Mardi 6 novembre 2012 à 16:04

Ça faisait un moment que j’avais plus mis les pieds ici.
J’ai l’impression d’être parti pendant des années et de redécouvrir une maison que j’avais laissée à l’abandon. Il y a beaucoup de poussière, il manque des choses, et celles qui restent ne semblent pas être à leurs place.J’ai arrêté de poster pour plusieurs raisons, d’une part mon disque dur avec toutes mes photos à fait une chute fatal, j’ai tout perdu, tout. Ce qui me restait était sur Nopix et lui aussi est mort, bref en voyant sa gueule pleine de trous et d’absence, j’avais plus le goût d’y retourner. D’autre part j’ai perdu toute motivation à faire quoi que ce soit en rapport avec la photo, tout processus de création, d’essai et d échec me sont devenu de plus en plus pénible pour le moral.

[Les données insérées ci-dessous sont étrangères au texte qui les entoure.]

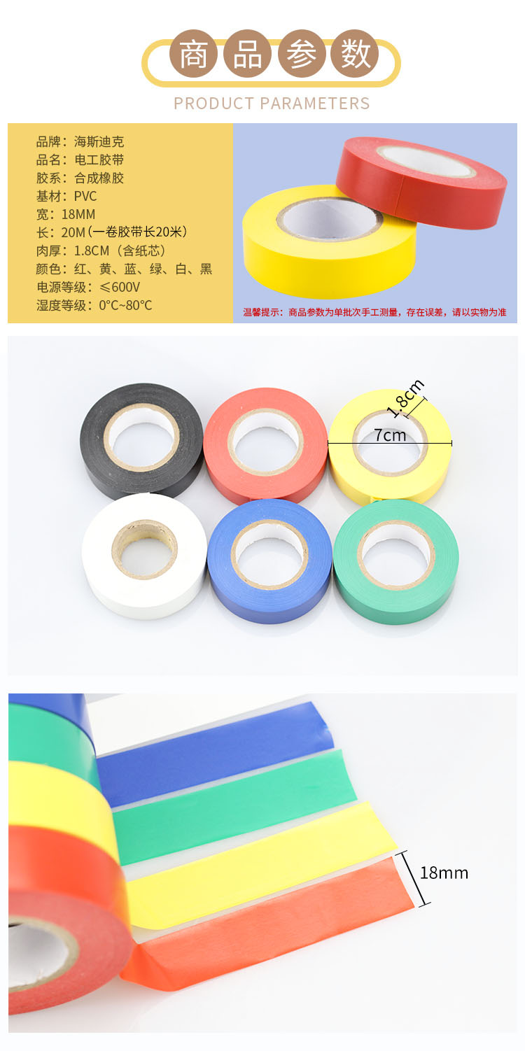 海斯迪克 彩色PVC电工胶布 gnjz-5376 黄色 18*20m 10卷 1箱
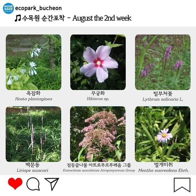 토피어리, 암석원, 붓꽃원, 숙근초화원 등 구역별 특징이 분명한 식물 전시도 강점이다. 특히 8월에는 수생식물과 계류 주변 식생이 가장 풍성하게 자라나는 시기로, 시기적 절정에 해당한다.

Alors malgré ça pourquoi cette nouvelle série ? Il y a trois ans, j’ai pris une heure de mon temps pour ces prises de vues,  1 ans plus tard je les ai retouchées, et aujourd’hui j’ai récupéré leurs fichiers endommagés. J’ai un peu bricolé dessus et j’ai essayé de reconstituer quelque chose avec des bribes de phrases récupérées dans mes carnets. A l’époque ces bouts de phrases étaient pleines de sens pour moi, maintenant c’est juste quelque vague sensation.

Un dernier avortement

Mardi 27 juillet 2010 à 17:06

Ceci clos la série d’article ” ce qui ne sera pas jugé”.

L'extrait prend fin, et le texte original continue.